There’s ice in her blood and it’s getting cold out. The sky is a blackish blue, not quite full darkness yet, but the sun has recently set and the street lamps are all lit. 

Someone grabs the scruff of her dress as she passes by the next sunken alley. Objectively, she knows it’s not someone from the lab because it’s just a homeless man living by the trash bins in between a closed down salon and liquor store. But she sees this large, looming figure, with curiosity in his eyes, and the girl cannot think of anything but terror. 

The girl has been taught not to scream or make too much of a fuss, but this is the outside world. Things are different here. Even though this isn’t the world she remembers, society ought to follow basic rules still. She screams, screams desperately for help, because even though she’s not really a little girl she’s in the body of one and there are adults somewhere in the street, please, please, please help me.

The man reacts instantly, shoving a muddy hand to her face to block the noise.

“No, stop!” He hisses. “Yer just a troublemaker, aintcha? Lost little ‘un, get back to the orphanage before the monsters come out and eat ya.”

The girl listens but it’s too late. The man is trying to be helpful. The man has nothing to do with the organisation. The man wants to guide her back. So she bites his hand, watches him tear it back in pain, grabs the scalpel in her pocket, and stabs him in the throat. Blood sprays out instantly, and even though she hears his words, he’s too dangerous, too foreign, too strange for her – so she stabs over and over again mechanically, just like the way the scientists stabbed the girl’s veins for testing, over and over again. Blood squirts out helplessly, almost comically, but he still chokes and moves around, so she reaches into the open wound with her little girl hands to pull and tear apart his trachea.

The thick, hot fleshiness of the inside of his throat is surprisingly comforting. It’s so cold outside. 

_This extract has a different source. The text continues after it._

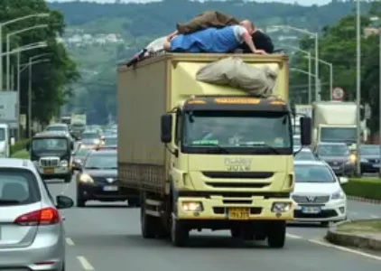 Caminhão com carga excedente na Via Dutra fecha pista e gera congestionamento.
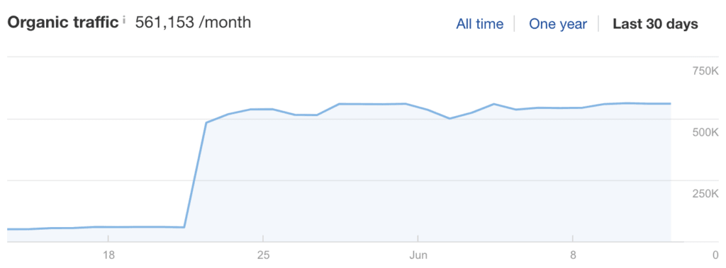 For at fremhæve et andet eksempel, kan vi i nedenstående eksempel også se en klar korrelation i udviklingen på links over en måned sammenlignet med udviklingen i organisk trafik for Artland.com:

She rips out a blob of pinkish flesh that dissolves into stretchy strings in the rain, once washed of blood. The man stops moving. 

The monster has already come. 

 

The girl did not come into this world unaware. When the scientists gave her a name and powers, she knew exactly what her future entailed. Anya. An esper. A happy little girl, surrounded by spies, assassins, overarching governmental entities, and suffering. The girl doesn’t think she’ll ever be the perfect Anya that she’s supposed to be because that Anya was purely, truly innocent, only looking for a bright tomorrow. The girl, the current Anya, has already lived the perfect life in the Before world. Everything else here pales in comparison.

She wants to go home.

She’s been wanting to go home for the past four years.

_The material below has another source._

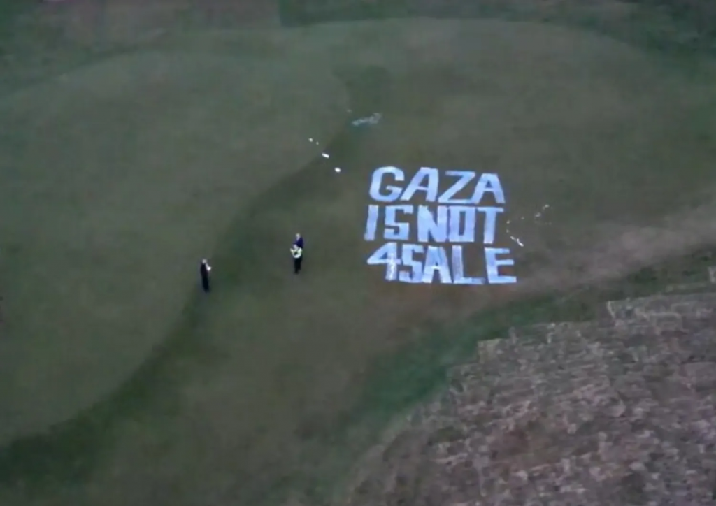 Questa mattina presto, il campo da golf è stato preso di mira da attivisti che hanno scritto un messaggio a caratteri cubitali, danneggiando la buca più prestigiosa del percorso.

Perhaps there’s a way – the science here, in terms of the supernatural, is far more advanced than what she knows from her previous world. If the girl becomes the new Anya and goes along with the Mission Strix, she might gain access to top secret information from both sides of the war, from the missions of the fake parents, and could possibly find a way back home. The problem arises in becoming Anya – the girl is not the innocent, cute and quirky little child that can bypass the guards of everyone around her. The girl is cold, silent, and different, but in a bad way. 

One step, two step.

The girl will take it slow, first. She aches with exertion and excitement she’s never felt before. The run down orphanage is easier to find than she expects, mostly due to the delinquent children hanging around the broken playground sets in the front yard by the gate, and they let her pass with ease. Several of them eye the blood that couldn’t be washed off with just rain, but it must not be the oddest thing they’ve seen because there’s no confrontation or worry.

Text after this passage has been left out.